| WORK INSTRUCTION |
Among the entries below, one stretch runs from the line that contains "Cadena de chupete" through the line that contains "Desde el penal". Repeat that stretch exactly, ends included, and only that.

___ THE DATA ___

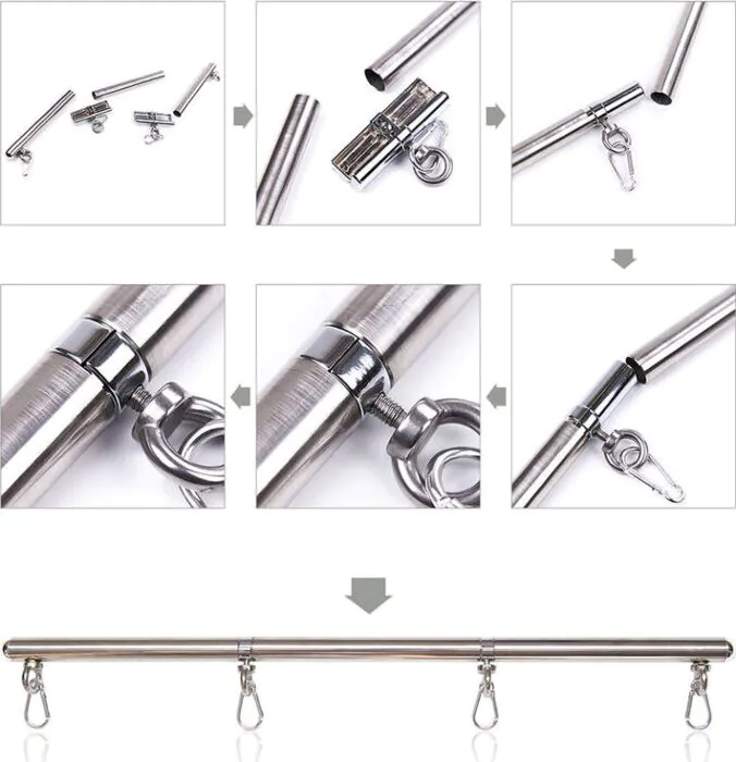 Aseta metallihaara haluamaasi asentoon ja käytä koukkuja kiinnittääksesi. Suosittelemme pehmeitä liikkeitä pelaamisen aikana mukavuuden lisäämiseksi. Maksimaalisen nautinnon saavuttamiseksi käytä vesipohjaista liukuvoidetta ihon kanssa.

___
___ THE DATA ___

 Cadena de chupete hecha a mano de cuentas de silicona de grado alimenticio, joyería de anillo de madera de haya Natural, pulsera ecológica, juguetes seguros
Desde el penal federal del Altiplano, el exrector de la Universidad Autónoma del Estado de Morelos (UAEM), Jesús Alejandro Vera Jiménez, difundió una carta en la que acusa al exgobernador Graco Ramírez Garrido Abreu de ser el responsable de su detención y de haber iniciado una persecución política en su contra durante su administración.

___
___ THE DATA ___

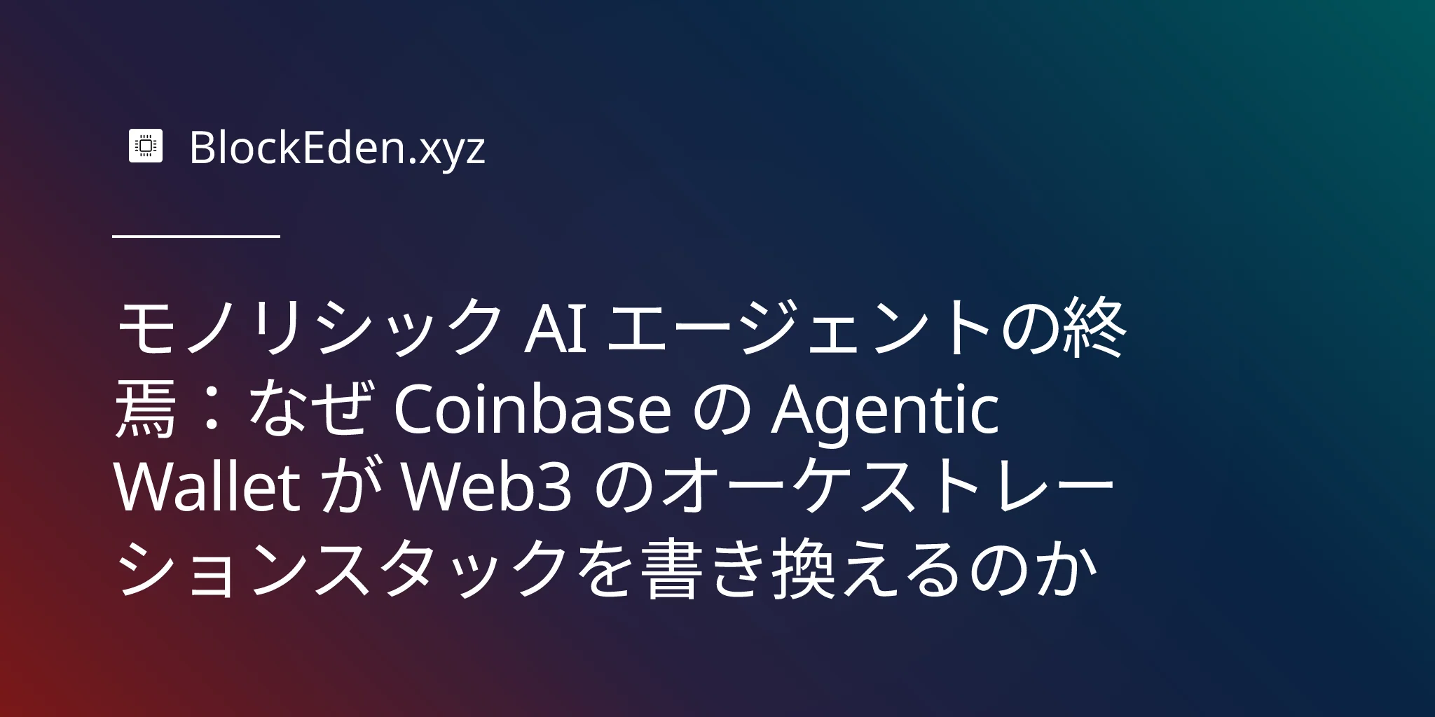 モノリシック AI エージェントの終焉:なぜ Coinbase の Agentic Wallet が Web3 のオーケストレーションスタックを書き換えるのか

___

| EXERCISE RESPONSE |
 Cadena de chupete hecha a mano de cuentas de silicona de grado alimenticio, joyería de anillo de madera de haya Natural, pulsera ecológica, juguetes seguros
Desde el penal federal del Altiplano, el exrector de la Universidad Autónoma del Estado de Morelos (UAEM), Jesús Alejandro Vera Jiménez, difundió una carta en la que acusa al exgobernador Graco Ramírez Garrido Abreu de ser el responsable de su detención y de haber iniciado una persecución política en su contra durante su administración.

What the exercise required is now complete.